** What is needed **
Could you give back the whole listing exactly as written?

** Task input **
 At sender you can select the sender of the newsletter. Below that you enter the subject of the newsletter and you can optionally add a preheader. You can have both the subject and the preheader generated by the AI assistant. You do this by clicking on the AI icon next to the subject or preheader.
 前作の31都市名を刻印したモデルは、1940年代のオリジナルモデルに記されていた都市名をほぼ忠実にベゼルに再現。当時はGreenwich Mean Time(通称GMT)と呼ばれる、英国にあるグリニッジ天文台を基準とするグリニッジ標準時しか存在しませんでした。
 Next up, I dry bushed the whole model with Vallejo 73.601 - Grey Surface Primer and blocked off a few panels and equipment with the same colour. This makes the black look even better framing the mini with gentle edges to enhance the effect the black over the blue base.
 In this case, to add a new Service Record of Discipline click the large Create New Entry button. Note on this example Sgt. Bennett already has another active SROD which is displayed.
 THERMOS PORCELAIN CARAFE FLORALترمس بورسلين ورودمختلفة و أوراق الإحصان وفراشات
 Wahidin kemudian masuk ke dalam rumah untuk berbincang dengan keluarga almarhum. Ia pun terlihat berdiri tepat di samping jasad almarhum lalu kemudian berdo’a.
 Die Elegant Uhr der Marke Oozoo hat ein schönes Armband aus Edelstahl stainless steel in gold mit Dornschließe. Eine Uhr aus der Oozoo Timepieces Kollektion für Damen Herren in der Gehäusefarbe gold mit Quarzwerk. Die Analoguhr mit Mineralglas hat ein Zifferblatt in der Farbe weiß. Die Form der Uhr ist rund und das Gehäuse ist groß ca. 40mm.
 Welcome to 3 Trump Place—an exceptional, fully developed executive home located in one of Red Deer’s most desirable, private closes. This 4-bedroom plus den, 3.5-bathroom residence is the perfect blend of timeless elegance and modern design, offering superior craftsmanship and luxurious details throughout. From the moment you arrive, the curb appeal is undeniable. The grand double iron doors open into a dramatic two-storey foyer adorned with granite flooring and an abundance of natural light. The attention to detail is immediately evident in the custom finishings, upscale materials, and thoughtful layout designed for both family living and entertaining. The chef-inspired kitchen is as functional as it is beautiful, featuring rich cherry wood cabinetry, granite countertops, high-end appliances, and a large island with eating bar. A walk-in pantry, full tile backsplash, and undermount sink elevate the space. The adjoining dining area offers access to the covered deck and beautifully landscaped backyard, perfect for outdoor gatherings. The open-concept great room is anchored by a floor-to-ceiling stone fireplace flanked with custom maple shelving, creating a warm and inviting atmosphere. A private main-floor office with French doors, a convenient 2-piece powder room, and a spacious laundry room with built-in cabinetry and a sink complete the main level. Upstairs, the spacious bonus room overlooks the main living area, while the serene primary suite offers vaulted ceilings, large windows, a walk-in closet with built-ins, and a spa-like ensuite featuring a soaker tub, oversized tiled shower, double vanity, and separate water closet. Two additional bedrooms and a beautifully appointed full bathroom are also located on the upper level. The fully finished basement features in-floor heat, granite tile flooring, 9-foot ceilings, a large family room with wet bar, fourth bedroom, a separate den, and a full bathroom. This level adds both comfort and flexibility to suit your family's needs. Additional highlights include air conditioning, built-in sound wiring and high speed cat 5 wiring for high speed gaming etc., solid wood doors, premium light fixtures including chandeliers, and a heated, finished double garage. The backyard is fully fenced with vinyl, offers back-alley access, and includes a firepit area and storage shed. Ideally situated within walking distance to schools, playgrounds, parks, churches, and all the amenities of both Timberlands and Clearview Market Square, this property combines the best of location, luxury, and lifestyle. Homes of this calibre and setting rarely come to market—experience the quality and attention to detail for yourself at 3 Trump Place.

** Solution to this exercise **
 At sender you can select the sender of the newsletter. Below that you enter the subject of the newsletter and you can optionally add a preheader. You can have both the subject and the preheader generated by the AI assistant. You do this by clicking on the AI icon next to the subject or preheader.
 前作の31都市名を刻印したモデルは、1940年代のオリジナルモデルに記されていた都市名をほぼ忠実にベゼルに再現。当時はGreenwich Mean Time(通称GMT)と呼ばれる、英国にあるグリニッジ天文台を基準とするグリニッジ標準時しか存在しませんでした。
 Next up, I dry bushed the whole model with Vallejo 73.601 - Grey Surface Primer and blocked off a few panels and equipment with the same colour. This makes the black look even better framing the mini with gentle edges to enhance the effect the black over the blue base.
 In this case, to add a new Service Record of Discipline click the large Create New Entry button. Note on this example Sgt. Bennett already has another active SROD which is displayed.
 THERMOS PORCELAIN CARAFE FLORALترمس بورسلين ورودمختلفة و أوراق الإحصان وفراشات
 Wahidin kemudian masuk ke dalam rumah untuk berbincang dengan keluarga almarhum. Ia pun terlihat berdiri tepat di samping jasad almarhum lalu kemudian berdo’a.
 Die Elegant Uhr der Marke Oozoo hat ein schönes Armband aus Edelstahl stainless steel in gold mit Dornschließe. Eine Uhr aus der Oozoo Timepieces Kollektion für Damen Herren in der Gehäusefarbe gold mit Quarzwerk. Die Analoguhr mit Mineralglas hat ein Zifferblatt in der Farbe weiß. Die Form der Uhr ist rund und das Gehäuse ist groß ca. 40mm.
 Welcome to 3 Trump Place—an exceptional, fully developed executive home located in one of Red Deer’s most desirable, private closes. This 4-bedroom plus den, 3.5-bathroom residence is the perfect blend of timeless elegance and modern design, offering superior craftsmanship and luxurious details throughout. From the moment you arrive, the curb appeal is undeniable. The grand double iron doors open into a dramatic two-storey foyer adorned with granite flooring and an abundance of natural light. The attention to detail is immediately evident in the custom finishings, upscale materials, and thoughtful layout designed for both family living and entertaining. The chef-inspired kitchen is as functional as it is beautiful, featuring rich cherry wood cabinetry, granite countertops, high-end appliances, and a large island with eating bar. A walk-in pantry, full tile backsplash, and undermount sink elevate the space. The adjoining dining area offers access to the covered deck and beautifully landscaped backyard, perfect for outdoor gatherings. The open-concept great room is anchored by a floor-to-ceiling stone fireplace flanked with custom maple shelving, creating a warm and inviting atmosphere. A private main-floor office with French doors, a convenient 2-piece powder room, and a spacious laundry room with built-in cabinetry and a sink complete the main level. Upstairs, the spacious bonus room overlooks the main living area, while the serene primary suite offers vaulted ceilings, large windows, a walk-in closet with built-ins, and a spa-like ensuite featuring a soaker tub, oversized tiled shower, double vanity, and separate water closet. Two additional bedrooms and a beautifully appointed full bathroom are also located on the upper level. The fully finished basement features in-floor heat, granite tile flooring, 9-foot ceilings, a large family room with wet bar, fourth bedroom, a separate den, and a full bathroom. This level adds both comfort and flexibility to suit your family's needs. Additional highlights include air conditioning, built-in sound wiring and high speed cat 5 wiring for high speed gaming etc., solid wood doors, premium light fixtures including chandeliers, and a heated, finished double garage. The backyard is fully fenced with vinyl, offers back-alley access, and includes a firepit area and storage shed. Ideally situated within walking distance to schools, playgrounds, parks, churches, and all the amenities of both Timberlands and Clearview Market Square, this property combines the best of location, luxury, and lifestyle. Homes of this calibre and setting rarely come to market—experience the quality and attention to detail for yourself at 3 Trump Place.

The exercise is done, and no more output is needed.